In-situ measurements of light-absorbing impurities in snow of glacier on Mt. Yulong and implications for radiative forcing estimates

• Published in: The Science of the total environment Vol. 581-582; pp. 848 - 856
• Main Authors: Niu, Hewen, Kang, Shichang, Shi, Xiaofei, Paudyal, Rukumesh, He, Yuanqing, Li, Gang, Wang, Shijin, Pu, Tao, Shi, Xiaoyi
• Format: Journal Article
• Language: English
• Published: Netherlands Elsevier B.V 01.03.2017
• Subjects: absorption; altitude; Black carbon; carbon; China; climate; dust; energy; geophysics; Glacier melt; glaciers; gravimetry; ice; leaf area index; Light-absorbing impurities; melting; Mt. Yulong; radiative forcing; reflectance; snow; snowmelt; temporal variation; Tibetan Plateau; China; Mt. Yulong; Tibetan Plateau; Light-absorbing impurities; Glacier melt; Black carbon
• ISSN: 0048-9697; 1879-1026
• DOI: 10.1016/j.scitotenv.2017.01.032

The Tibetan Plateau (TP) or the third polar cryosphere borders geographical hotspots for discharges of black carbon (BC). BC and dust play important roles in climate system and Earth's energy budget, particularly after they are deposited on snow and glacial surfaces. BC and dust are two kinds of main light-absorbing impurities (LAIs) in snow and glaciers. Estimating concentrations and distribution of LAIs in snow and glacier ice in the TP is of great interest because this region is a global hotspot in geophysical research. Various snow samples, including surface aged-snow, superimposed ice and snow meltwater samples were collected from a typical temperate glacier on Mt. Yulong in the snow melt season in 2015. The samples were determined for BC, Organic Carbon (OC) concentrations using an improved thermal/optical reflectance (DRI Model 2001) method and gravimetric method for dust concentrations. Results indicated that the LAIs concentrations were highly elevation-dependent in the study area. Higher contents and probably greater deposition at relative lower elevations (generally <5000masl) of the glacier was observed. Temporal difference of LAIs contents demonstrated that LAIs in snow of glacier gradually increased as snow melting progressed. Evaluations of the relative absorption of BC and dust displayed that the impact of dust on snow albedo and radiative forcing (RF) is substantially larger than BC, particularly when dust contents are higher.

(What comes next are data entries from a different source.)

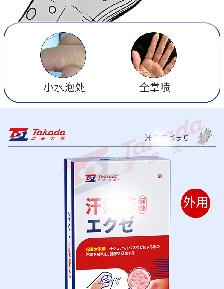 Takeda Otsuka sweat blisters special spray for sweat blisters on hands to relieve itching rashes itchy small blisters fungal infection spray 1 box 1~2 small blisters
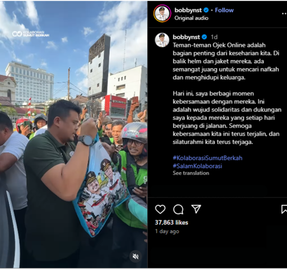 Judul-judul berita seperti “Aksi Spontan Gubernur Sumatera Utara Bagikan Ratusan Paket Sembako ke Ojol” mendominasi media lokal Medan dalam beberapa waktu lalu. Dalam narasi seragam yang tersebar luas, Bobby Nasution—adik ipar Wakil Presiden Gibran Rakabuming—ditampilkan sebagai sosok pemimpin yang merakyat. Gaya ini mengingatkan pada strategi komunikasi politik yang dibangun mertuanya, mantan presiden Joko Widodo.
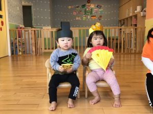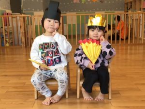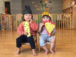 読み聞かせの後はお雛様とお内裏様になりきって写真撮影をしました??
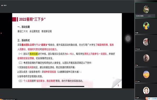 6月10日下午,学院相关老师通过线上平台召开2022年暑期“三下乡”社会实践动员会,负责老师向同学们解读了《关于开展合肥工业大学2022年大学生暑期“三下乡”社会实践工作的通知》,详细介绍本次社会实践活动的各项安排,并以往年优秀团队的实践活动为例,引起学生重视,激发学生兴趣,帮助同学们进一步了解活动政策。会议中,同学们积极发言,提出疑问。会后,辅导员老师认真解答同学们的问题,并号召同学们积极参与。
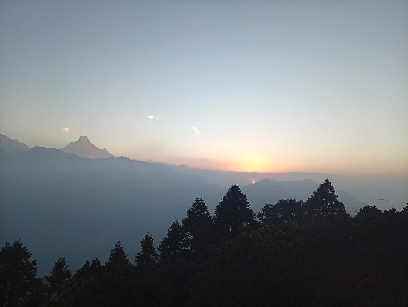 At low altitude, Poon Hill, at an elevation of 3,210 m above sea level, is the primary Annapurna viewpoint. Near Ghorepani village, an early morning hike to see the sunrise over the Annapurna Himalayas is one of the most popular tourist activities. In the heart of the Annapurna mountain range, Poon Hill offers a complete 360-degree view of several snow-capped peaks such as Dhaulagiri, Machhapuchhre (Fishtail), and Hiunchuli, including Annapurna South.
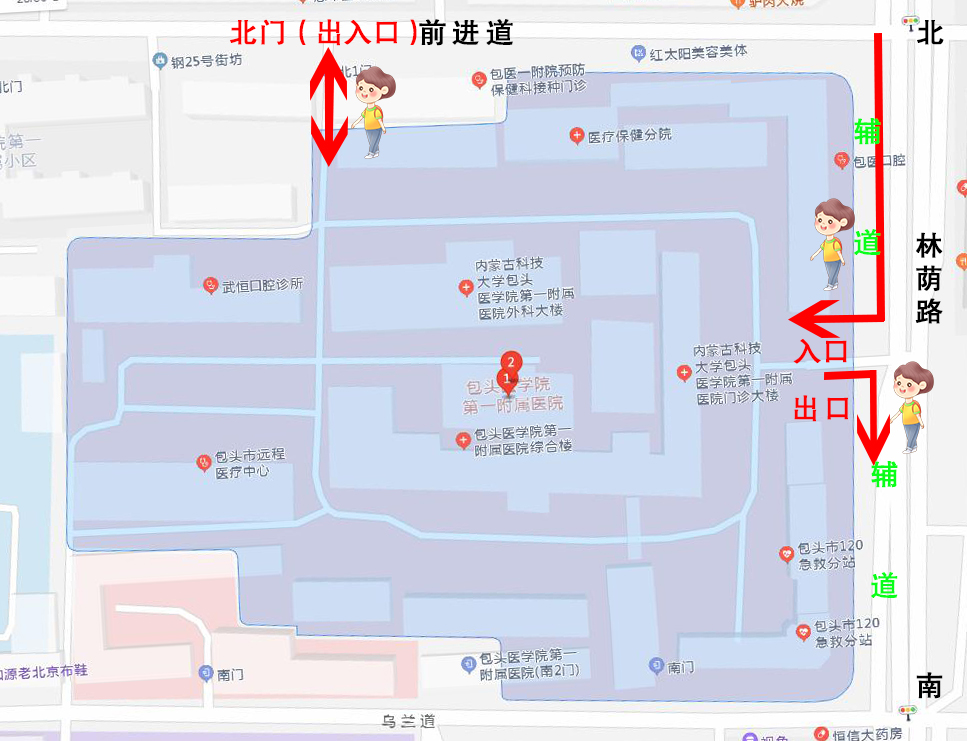 根据包头市公安局交通管理支队通告内容,2022年6月18日至11月30日期间,林荫路(莫尼路-富林路)段道路施工。为便于患者就诊,经过一周的路线试运行,医院根据实际情况,合理调整入院路线,6月26日起,您可选择驾驶机动车或步行等方式来院就诊,具体路线如下:
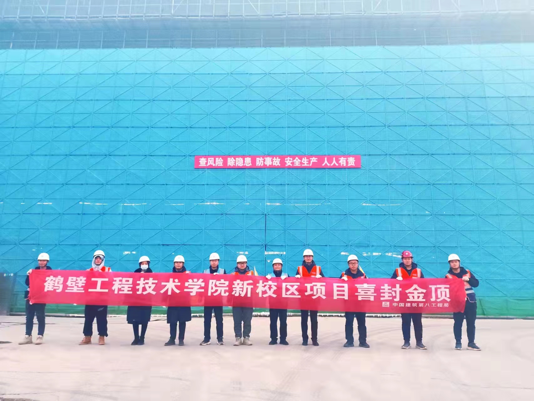 2023-01-04 河南鶴壁工程技術學院新校區(qū)項目(一期)主體結構封頂 1月4日,在建設單位、監(jiān)理單位及項目全體管理人員的共同見證下,鶴壁工程技術學院新校區(qū)項目(一期)順利封頂。 作為鶴壁市首所本科院校,中建八局一公司在鶴壁市的首個承建項目,受到鶴壁市政府、中建八局一公司各級領導的大力關注與支持。

This was verified by the absorption factor, which was <1.0. In addition, we found the BC-induced albedo reduction to be in the range of 2% to nearly 10% during the snow melting season, and the mean snow albedo reduction was 4.63%, hence for BC contents ranging from 281 to 894ngg−1 in snow of a typical temperate glacier on Mt. Yulong, the associated instantaneous RF will be 76.38–146.96Wm−2. Further research is needed to partition LAIs induced glacial melt, modeling researches in combination with long-term in-situ observations of LAIs in glaciers is also urgent needed in the future work. [Display omitted] •LAIs concentrations in surface aged snow and ice increased in the melt season.•Absorption factor of LAIs is larger than 1.0, dust is more light absorption than BC.•BC-induced albedo reduction in surface snow and ice was in the range of 2.0– ~10%.•For BC content ranging from 281 to 894ngg−1, the associated RF was 76–147Wm−2.